**Material for this exercise**
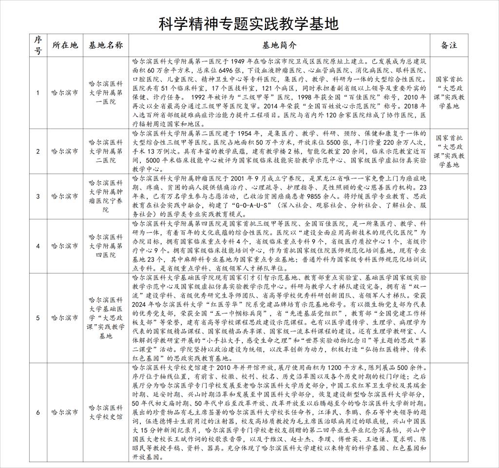 日前,黑龙江省教育厅等十一部门公布了黑龙江省首批“大思政课”实践教学基地名单,ac米兰附属一院、附属二院、附属肿瘤医院宁养院、附属四院、基础医学“大思政课”实践教学基地、校史馆等六个基地入选科学精神专题实践教学基地,其中附属一院、附属二院为国家首批“大思政课”实践教学基地。
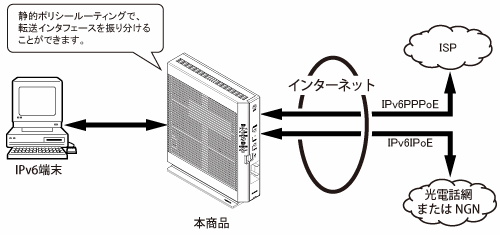 本機能は、ご契約のプロバイダが、IPv6 PPPoE方式によるインターネット接続を提供している場合、パケット振り分けルールを設定することにより、転送先をIPv6セッション(IPv6PPPoEインタフェース)とIPv6IPoEインタフェースへ振り分けることが可能です。
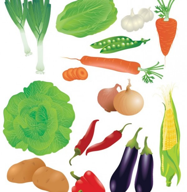 Fresh vector veggies – carrots, onions, lettuce, peas, garlic, peppers, corn, eggplant, potatoes, watermelon and pumpkin.
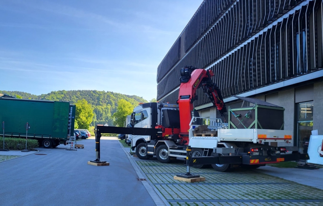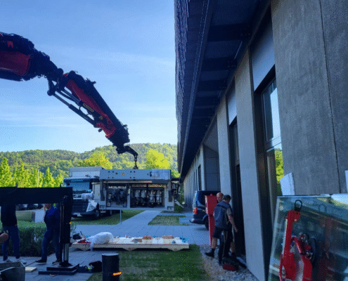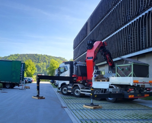 Anlieferung der Maschine aus dem Ausland zu unserem Betrieb.
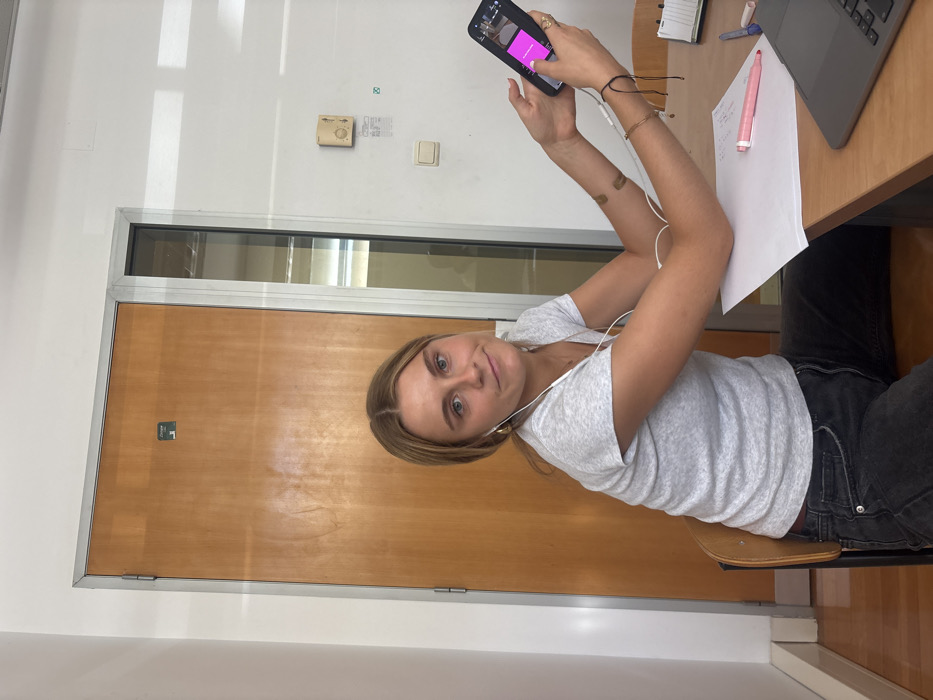 - "The scene depicts a young adult female seated at a light brown wooden table within an indoor room, possibly an office or study area" by FM-YQRt52, licensed under CC BY 4.0
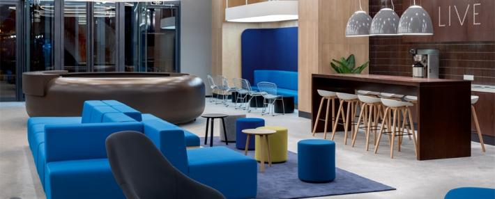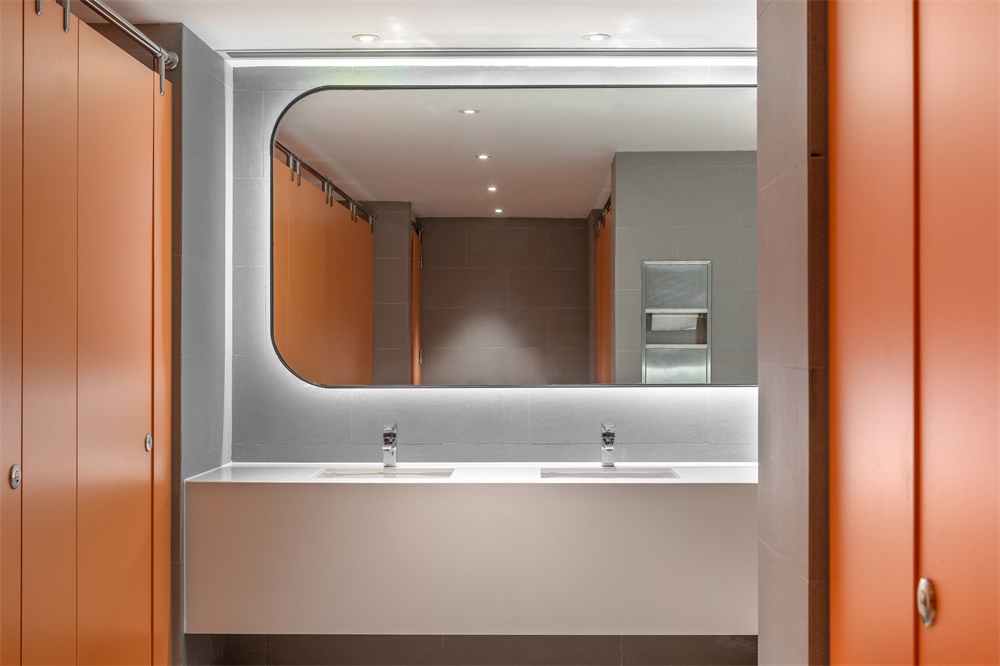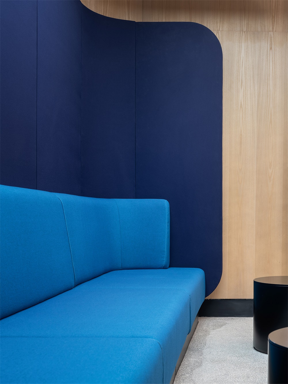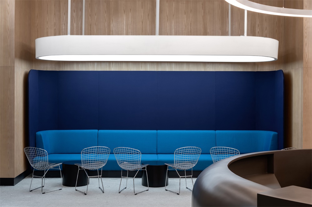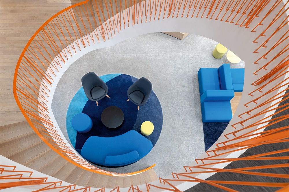 进入一层大堂,首先会路过一个“校园区”。它内设一个夹层,构成整座大厦的核心。人们在这里畅谈业务、聆听讲座,或平静而简单地享受闲暇之余。大堂中间的旋转楼梯连接大厦各个楼层的公共空间,构成建筑当中的另一个核心元素。它将各个楼层融为一体,使整个环境更加活跃。
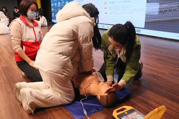 與傳統(tǒng)的培訓方式不同,此次培訓采用了理論與實踐相結合的方法。培訓開始前,學員們已在“中國紅十字會總會訓練中心”完成線上理論學習,并順利通過了線上考試。線下講解演示完畢后,同學們利用人體模型進行模擬實訓,現(xiàn)場的紅十字志愿者老師對急救姿勢及手法進行指導,并幫助同學們糾正操作中的錯誤,讓大家能夠更好地將理論知識轉化為實際操作。同學們用飽滿的熱情和認真的態(tài)度仔細學習,積極提問,主動實踐。
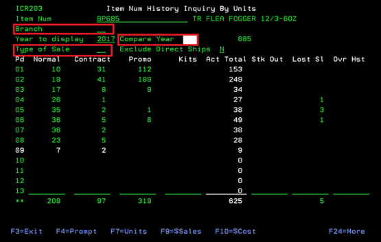 require data in Compare Year field): F4-Prompt on Item# or Branch fields, F7-Unit

**Your instructions**
Starting from the line where "under CC BY 4.0" appears, copy every line through the end of the material, both ends included, but no pictures.

**Exercise solution**
 - "The scene depicts a young adult female seated at a light brown wooden table within an indoor room, possibly an office or study area" by FM-YQRt52, licensed under CC BY 4.0
 进入一层大堂,首先会路过一个“校园区”。它内设一个夹层,构成整座大厦的核心。人们在这里畅谈业务、聆听讲座,或平静而简单地享受闲暇之余。大堂中间的旋转楼梯连接大厦各个楼层的公共空间,构成建筑当中的另一个核心元素。它将各个楼层融为一体,使整个环境更加活跃。
 與傳統(tǒng)的培訓方式不同,此次培訓采用了理論與實踐相結合的方法。培訓開始前,學員們已在“中國紅十字會總會訓練中心”完成線上理論學習,并順利通過了線上考試。線下講解演示完畢后,同學們利用人體模型進行模擬實訓,現(xiàn)場的紅十字志愿者老師對急救姿勢及手法進行指導,并幫助同學們糾正操作中的錯誤,讓大家能夠更好地將理論知識轉化為實際操作。同學們用飽滿的熱情和認真的態(tài)度仔細學習,積極提問,主動實踐。
 require data in Compare Year field): F4-Prompt on Item# or Branch fields, F7-Unit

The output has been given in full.